Exercise: Print only the lines below from the one with "First Floor Landing: Built" to the one with "水墨花鸟水墨山水花鸟画新中式国画山水花鸟写意花鸟", both included, exactly as they stand. Leave pictures out.

Provided data:
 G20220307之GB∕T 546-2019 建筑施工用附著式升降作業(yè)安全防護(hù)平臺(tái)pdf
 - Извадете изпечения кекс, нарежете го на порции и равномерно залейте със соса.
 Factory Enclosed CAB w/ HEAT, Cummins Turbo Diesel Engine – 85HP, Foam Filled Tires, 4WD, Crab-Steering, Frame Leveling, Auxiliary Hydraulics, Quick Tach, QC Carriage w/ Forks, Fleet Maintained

* * *

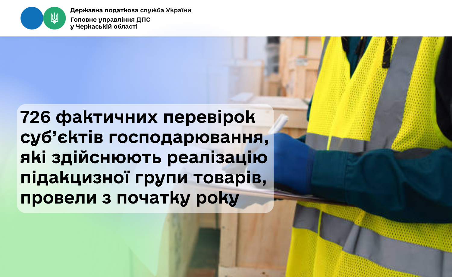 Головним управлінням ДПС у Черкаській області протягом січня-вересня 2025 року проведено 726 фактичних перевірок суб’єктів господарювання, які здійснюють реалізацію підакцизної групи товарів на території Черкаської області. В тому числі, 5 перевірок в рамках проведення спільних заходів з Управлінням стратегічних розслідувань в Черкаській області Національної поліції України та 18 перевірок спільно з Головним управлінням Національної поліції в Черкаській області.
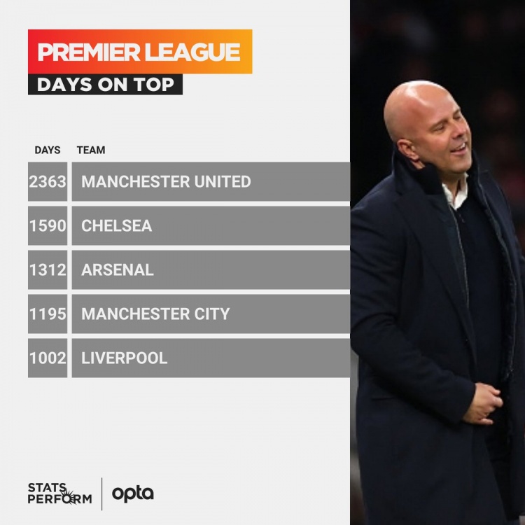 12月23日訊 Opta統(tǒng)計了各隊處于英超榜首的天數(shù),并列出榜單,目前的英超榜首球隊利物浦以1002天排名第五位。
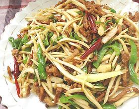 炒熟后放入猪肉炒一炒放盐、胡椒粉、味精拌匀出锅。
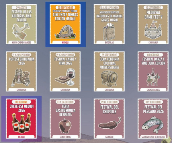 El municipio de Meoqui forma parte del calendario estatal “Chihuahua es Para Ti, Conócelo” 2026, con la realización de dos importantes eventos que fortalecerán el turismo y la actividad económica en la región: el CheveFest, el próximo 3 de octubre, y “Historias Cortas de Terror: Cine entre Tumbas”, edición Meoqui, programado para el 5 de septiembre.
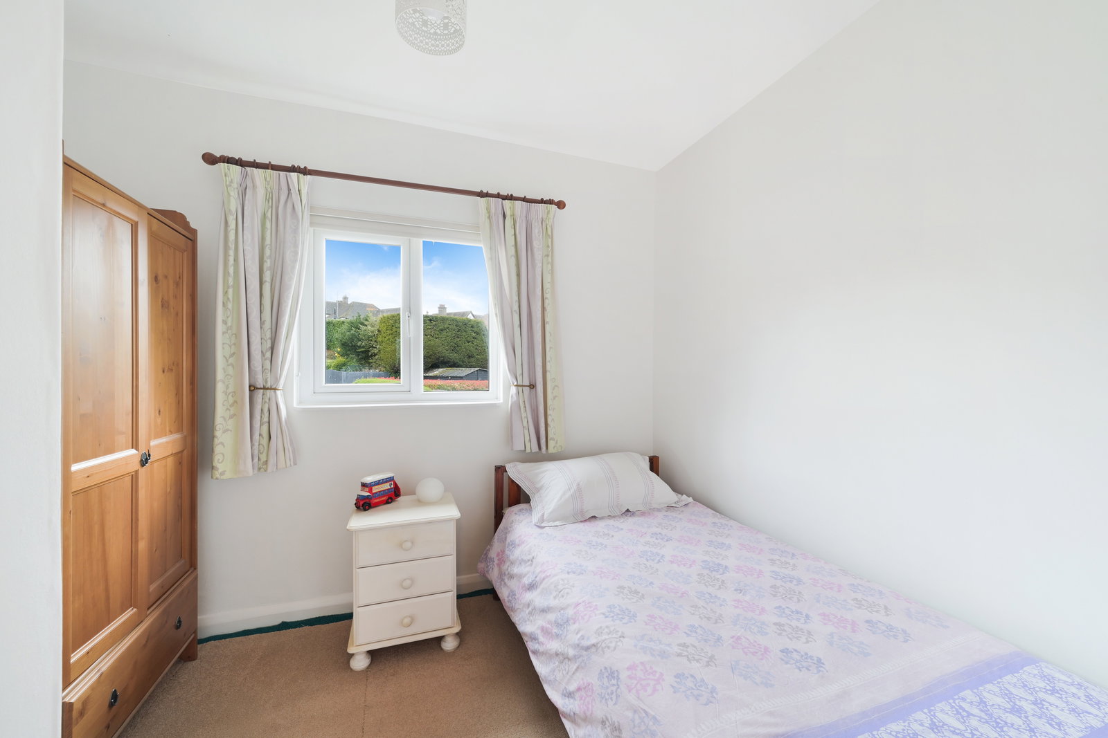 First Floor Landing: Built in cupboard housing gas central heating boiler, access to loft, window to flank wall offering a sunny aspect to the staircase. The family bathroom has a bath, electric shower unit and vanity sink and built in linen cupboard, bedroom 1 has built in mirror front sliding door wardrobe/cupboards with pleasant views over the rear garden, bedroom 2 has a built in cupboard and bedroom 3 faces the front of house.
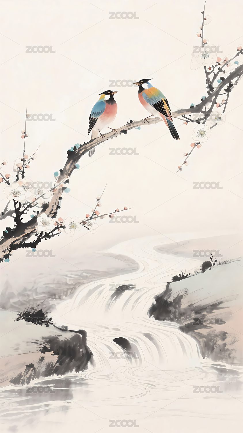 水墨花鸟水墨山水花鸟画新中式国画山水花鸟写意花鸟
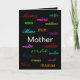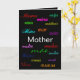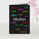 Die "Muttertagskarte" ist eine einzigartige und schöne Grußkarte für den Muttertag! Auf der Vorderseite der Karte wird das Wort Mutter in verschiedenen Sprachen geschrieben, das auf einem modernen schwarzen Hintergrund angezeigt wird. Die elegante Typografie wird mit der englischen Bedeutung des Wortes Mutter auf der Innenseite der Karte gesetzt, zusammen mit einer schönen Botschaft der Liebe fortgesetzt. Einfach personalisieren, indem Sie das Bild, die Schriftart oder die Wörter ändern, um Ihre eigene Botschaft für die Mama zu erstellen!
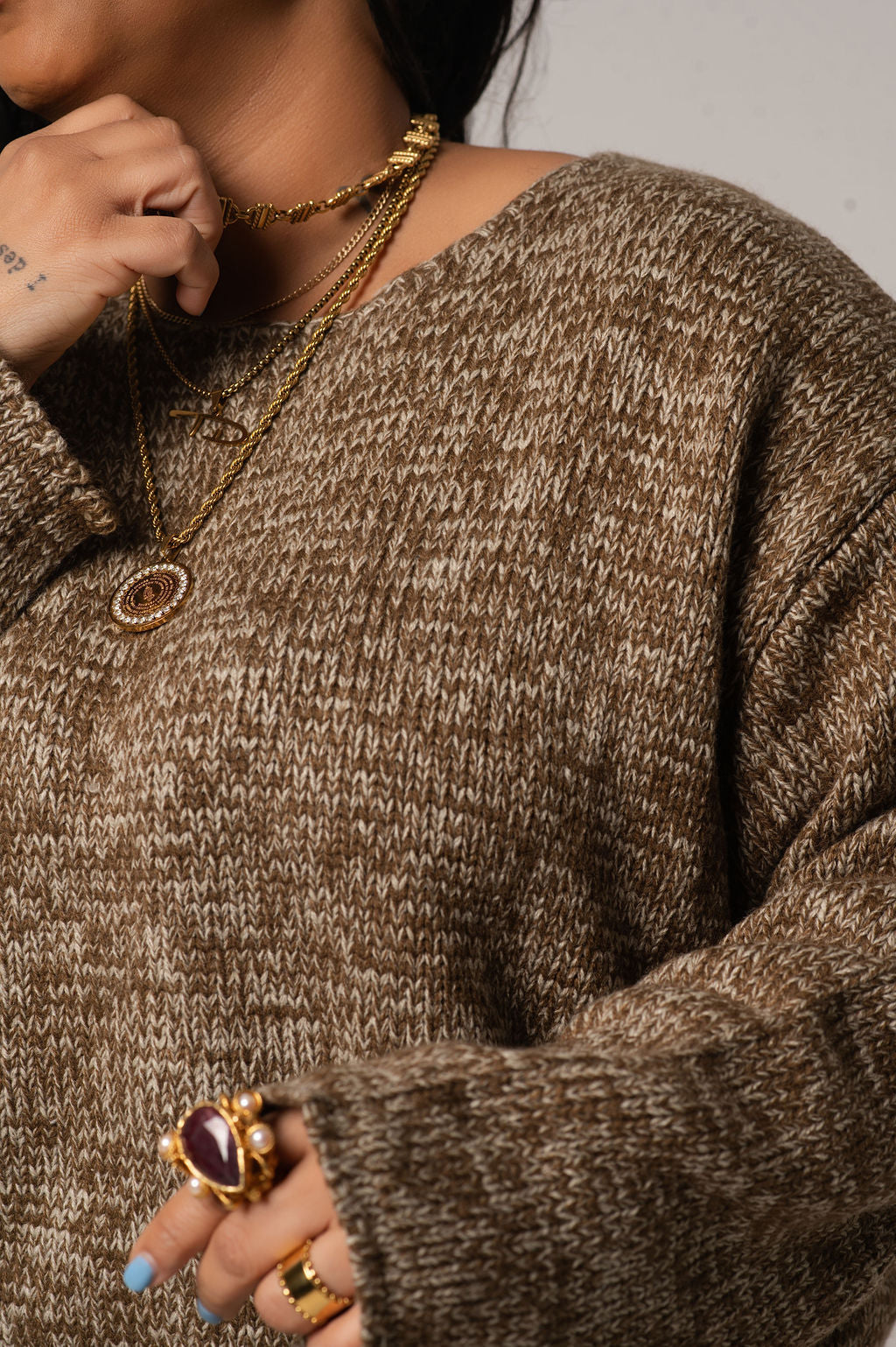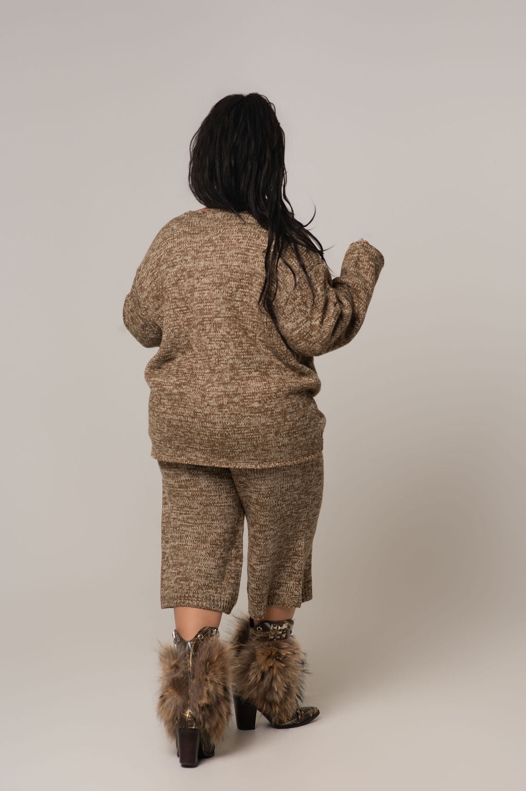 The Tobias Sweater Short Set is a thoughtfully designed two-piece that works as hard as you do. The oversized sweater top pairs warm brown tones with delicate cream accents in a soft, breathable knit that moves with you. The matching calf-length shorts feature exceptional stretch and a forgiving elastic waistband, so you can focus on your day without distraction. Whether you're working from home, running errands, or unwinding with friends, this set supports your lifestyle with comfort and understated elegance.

Solution to the exercise:
 First Floor Landing: Built in cupboard housing gas central heating boiler, access to loft, window to flank wall offering a sunny aspect to the staircase. The family bathroom has a bath, electric shower unit and vanity sink and built in linen cupboard, bedroom 1 has built in mirror front sliding door wardrobe/cupboards with pleasant views over the rear garden, bedroom 2 has a built in cupboard and bedroom 3 faces the front of house.
 水墨花鸟水墨山水花鸟画新中式国画山水花鸟写意花鸟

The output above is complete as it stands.